두개골 봉합부의 초기 형태발생과정에서 Msx 유전자들의 발현양상

  • Lee, Sang-Youp (Department of Pediatric Dentistry, College of Dentistry, Kyungpook National University) ;
  • Park, Mi-Hyun (Department of Oral Biochemistry, College of Dentistry, Kyungpook National University) ;
  • Ryoo, Hyun-Mo (Department of Oral Biochemistry, College of Dentistry, Kyungpook National University) ;
  • Nam, Soon-Hyeun (Department of Pediatric Dentistry, College of Dentistry, Kyungpook National University) ;
  • Kim, Young-Jin (Department of Pediatric Dentistry, College of Dentistry, Kyungpook National University) ;
  • Kim, Hyun-Jung (Department of Pediatric Dentistry, College of Dentistry, Kyungpook National University)
  • 이상엽 (경북대학교 소아치과학교실) ;
  • 박미현 (경북대학교 구강생화학교실) ;
  • 유현모 (경북대학교 구강생화학교실) ;
  • 남순현 (경북대학교 소아치과학교실) ;
  • 김영진 (경북대학교 소아치과학교실) ;
  • 김현정 (경북대학교 소아치과학교실)
  • Published : 2003.02.28

Abstract

The development of calvarial bones is tighly co-ordinated with the growth of the brain and needs of harmonious interactions between different tissues within the calvarial sutures. Premature fusion of cranial sutures, known as craniosynostosis, presumably involves disturbance of these interactions. Mutations in the homeobox-containg gene Msx2 cause human craniosynostosis syndrome. Msx genes, which are consist of Msx1, Msx2 and Msx3, are homeobox-containg transcripton factors, and were originally identified as homologue of Drosophila msh(muscle segment homeobox) gene. Msx1 and Msx2 genes, expressed mostly in overlapping patterns at multiple site of tissue interactions during vertebrate development, are associated with epithelial-mesenchymal interactions during organogenesis, targets of BMP and FGF signaling.
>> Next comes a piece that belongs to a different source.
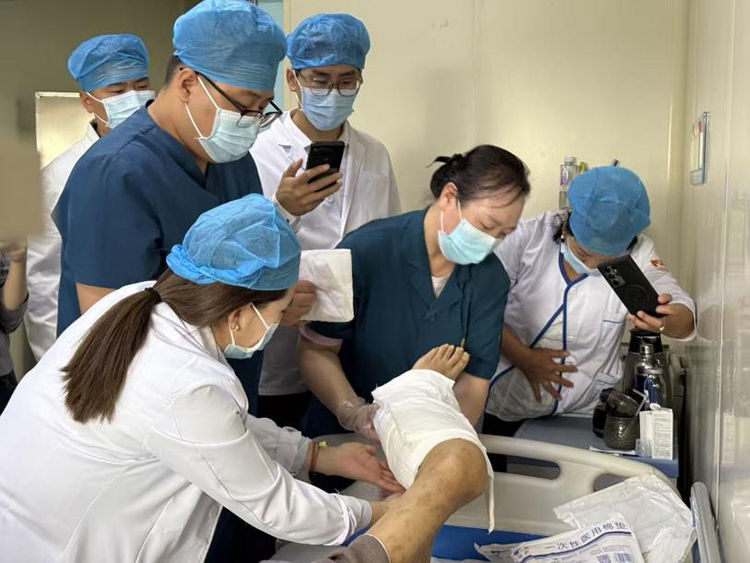 下午,訪問(wèn)團(tuán)的成員們分批進(jìn)入手術(shù)室,參觀并參與清創(chuàng)、微粒皮種植等手術(shù),每一個(gè)操作細(xì)節(jié)的展示都幫助他們將理論知識(shí)與實(shí)際操作深度結(jié)合,有效提升了其對(duì)再生醫(yī)療技術(shù)相關(guān)手術(shù)操作規(guī)范的理解與掌握程度,為今后在本國(guó)開(kāi)展同類手術(shù)積累了關(guān)鍵的實(shí)踐經(jīng)驗(yàn)。觀摩活動(dòng)結(jié)束之后,燒傷整形與創(chuàng)面修復(fù)科的醫(yī)生們繼續(xù)帶來(lái)了燒傷再生醫(yī)療技術(shù)治療壞死性筋膜炎、燒傷再生醫(yī)療技術(shù)救治糖尿病足臨床實(shí)踐效果的經(jīng)驗(yàn)分享,并在分享結(jié)束后與蒙古國(guó)的醫(yī)護(hù)就兩國(guó)在再生醫(yī)療技術(shù)上的差異和不同經(jīng)驗(yàn)展開(kāi)了深入交流。通過(guò)對(duì)比兩國(guó)在患者體質(zhì)、診療環(huán)境、醫(yī)療資源配置等方面的差異,共同探討了技術(shù)本土化調(diào)整的可行路徑,為再生醫(yī)療技術(shù)在蒙古國(guó)的優(yōu)化提供了重要參考。

To elucidate the function of Msx genes in the early morphogenesis of mouse cranial suture, we analyzed the expression of them by in situ hybridization during embryonic(E15-E18) stage, and did vivo experiments in E15.5 mouse using rhBMP-2, rhFGF-2 protein soaked bead. In the sagittal suture, Msx1 was expressed in the mesenchyme of suture and the dura mater, Msx2 was intensely expressed in the sutural mesenchyme and the dura mater. In the coronal suture both of Msx genes were expressed intensely in the sutural mesenchyme and expressed in the periosteum also. Msx1 had a broader expression pattern than Msx2. BMP2 beads induced expression of both Msx1 and Msx2, FGF2 beads induced expression of Msx1, but not Msx2. Taken together, these data suggest that Msx1 and Msx2 genes have important role in regulating the morphogenesis and maintenance of embryonic cranial suture. Both of Msx genes are expressed similarly but because of their upstream signaling, they function dependently or cooperatively according to change of signaling molecule.